▶ **DATASET CONTENT**:
□ □ □ □ □ □ □

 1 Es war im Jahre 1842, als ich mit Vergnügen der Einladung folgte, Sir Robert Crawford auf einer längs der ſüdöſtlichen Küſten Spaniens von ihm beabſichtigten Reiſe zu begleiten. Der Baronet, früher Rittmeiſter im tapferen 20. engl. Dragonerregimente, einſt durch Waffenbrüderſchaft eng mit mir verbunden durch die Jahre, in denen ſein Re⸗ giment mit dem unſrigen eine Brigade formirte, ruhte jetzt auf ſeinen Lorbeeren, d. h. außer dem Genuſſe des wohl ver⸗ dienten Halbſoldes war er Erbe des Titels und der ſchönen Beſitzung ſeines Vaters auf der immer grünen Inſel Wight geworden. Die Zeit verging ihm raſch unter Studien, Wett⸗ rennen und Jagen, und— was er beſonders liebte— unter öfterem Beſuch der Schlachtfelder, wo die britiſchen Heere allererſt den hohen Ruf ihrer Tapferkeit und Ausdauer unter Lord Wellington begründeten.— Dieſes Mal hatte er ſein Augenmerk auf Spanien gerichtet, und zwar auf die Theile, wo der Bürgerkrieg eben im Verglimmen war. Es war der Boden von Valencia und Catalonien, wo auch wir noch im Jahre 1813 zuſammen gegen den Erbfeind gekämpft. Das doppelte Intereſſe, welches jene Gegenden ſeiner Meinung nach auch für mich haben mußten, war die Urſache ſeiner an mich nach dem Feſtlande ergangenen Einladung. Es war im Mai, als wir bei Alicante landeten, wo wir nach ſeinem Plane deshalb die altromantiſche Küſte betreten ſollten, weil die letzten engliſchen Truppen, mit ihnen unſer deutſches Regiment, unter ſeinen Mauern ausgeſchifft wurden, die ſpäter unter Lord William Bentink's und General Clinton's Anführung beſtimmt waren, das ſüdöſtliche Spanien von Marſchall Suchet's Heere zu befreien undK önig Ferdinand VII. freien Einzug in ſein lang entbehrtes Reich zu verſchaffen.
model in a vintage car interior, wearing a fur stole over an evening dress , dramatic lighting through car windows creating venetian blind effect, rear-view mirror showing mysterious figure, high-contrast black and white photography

□ □ □ □ □ □ □

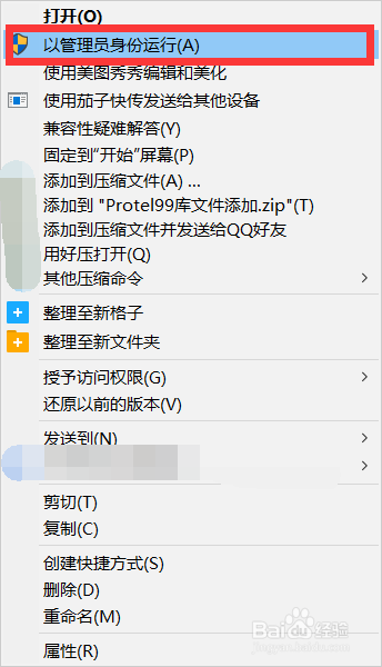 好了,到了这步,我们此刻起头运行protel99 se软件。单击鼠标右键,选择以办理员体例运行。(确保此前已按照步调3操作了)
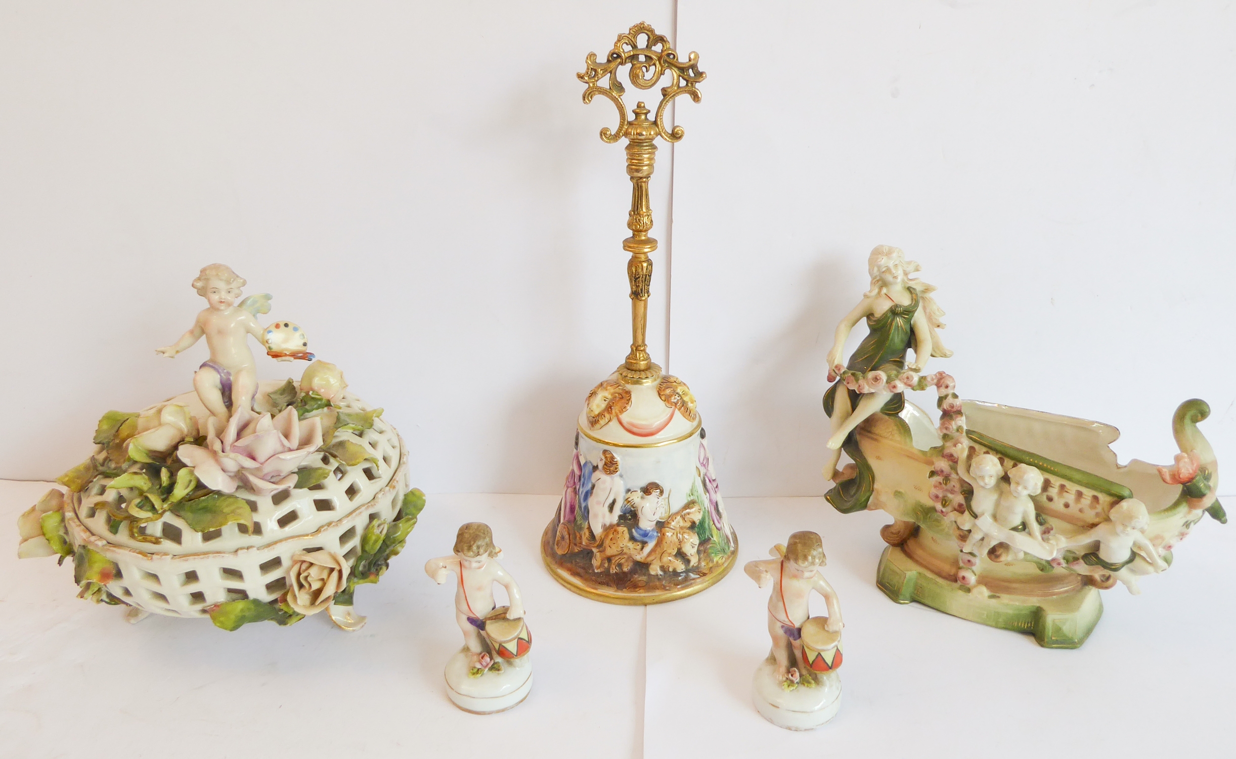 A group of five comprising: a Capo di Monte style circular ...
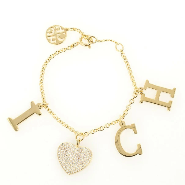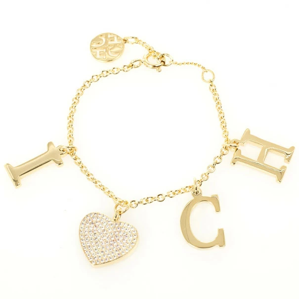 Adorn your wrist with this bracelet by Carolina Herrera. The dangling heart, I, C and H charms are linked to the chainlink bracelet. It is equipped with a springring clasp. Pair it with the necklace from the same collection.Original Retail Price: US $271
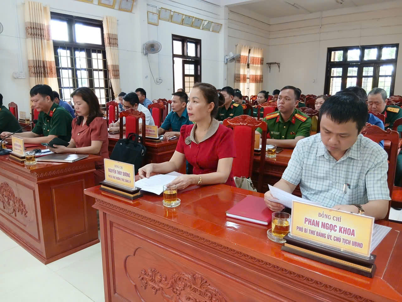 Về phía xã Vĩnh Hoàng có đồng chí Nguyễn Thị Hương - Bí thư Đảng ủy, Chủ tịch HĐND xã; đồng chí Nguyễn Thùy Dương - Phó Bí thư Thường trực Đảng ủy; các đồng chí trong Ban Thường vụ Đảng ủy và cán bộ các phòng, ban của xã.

□ □ □ □ □ □ □

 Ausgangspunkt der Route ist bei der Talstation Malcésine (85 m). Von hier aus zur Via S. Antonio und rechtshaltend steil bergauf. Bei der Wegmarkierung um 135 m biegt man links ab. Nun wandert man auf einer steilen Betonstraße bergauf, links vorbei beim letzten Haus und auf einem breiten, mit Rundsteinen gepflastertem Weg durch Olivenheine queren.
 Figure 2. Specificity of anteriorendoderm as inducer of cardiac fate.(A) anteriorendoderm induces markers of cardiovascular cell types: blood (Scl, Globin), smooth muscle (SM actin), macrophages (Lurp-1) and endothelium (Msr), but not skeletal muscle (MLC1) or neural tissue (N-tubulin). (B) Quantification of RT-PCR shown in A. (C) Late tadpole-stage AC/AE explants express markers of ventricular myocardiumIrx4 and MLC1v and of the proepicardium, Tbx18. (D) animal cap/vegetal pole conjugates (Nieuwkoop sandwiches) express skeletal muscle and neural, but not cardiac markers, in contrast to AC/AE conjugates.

□ □ □ □ □ □ □

Where a line in the material contains "letzten", copy that line.

▶ **ANSWER TO THIS EXERCISE**:
 1 Es war im Jahre 1842, als ich mit Vergnügen der Einladung folgte, Sir Robert Crawford auf einer längs der ſüdöſtlichen Küſten Spaniens von ihm beabſichtigten Reiſe zu begleiten. Der Baronet, früher Rittmeiſter im tapferen 20. engl. Dragonerregimente, einſt durch Waffenbrüderſchaft eng mit mir verbunden durch die Jahre, in denen ſein Re⸗ giment mit dem unſrigen eine Brigade formirte, ruhte jetzt auf ſeinen Lorbeeren, d. h. außer dem Genuſſe des wohl ver⸗ dienten Halbſoldes war er Erbe des Titels und der ſchönen Beſitzung ſeines Vaters auf der immer grünen Inſel Wight geworden. Die Zeit verging ihm raſch unter Studien, Wett⸗ rennen und Jagen, und— was er beſonders liebte— unter öfterem Beſuch der Schlachtfelder, wo die britiſchen Heere allererſt den hohen Ruf ihrer Tapferkeit und Ausdauer unter Lord Wellington begründeten.— Dieſes Mal hatte er ſein Augenmerk auf Spanien gerichtet, und zwar auf die Theile, wo der Bürgerkrieg eben im Verglimmen war. Es war der Boden von Valencia und Catalonien, wo auch wir noch im Jahre 1813 zuſammen gegen den Erbfeind gekämpft. Das doppelte Intereſſe, welches jene Gegenden ſeiner Meinung nach auch für mich haben mußten, war die Urſache ſeiner an mich nach dem Feſtlande ergangenen Einladung. Es war im Mai, als wir bei Alicante landeten, wo wir nach ſeinem Plane deshalb die altromantiſche Küſte betreten ſollten, weil die letzten engliſchen Truppen, mit ihnen unſer deutſches Regiment, unter ſeinen Mauern ausgeſchifft wurden, die ſpäter unter Lord William Bentink's und General Clinton's Anführung beſtimmt waren, das ſüdöſtliche Spanien von Marſchall Suchet's Heere zu befreien undK önig Ferdinand VII. freien Einzug in ſein lang entbehrtes Reich zu verſchaffen.
 Ausgangspunkt der Route ist bei der Talstation Malcésine (85 m). Von hier aus zur Via S. Antonio und rechtshaltend steil bergauf. Bei der Wegmarkierung um 135 m biegt man links ab. Nun wandert man auf einer steilen Betonstraße bergauf, links vorbei beim letzten Haus und auf einem breiten, mit Rundsteinen gepflastertem Weg durch Olivenheine queren.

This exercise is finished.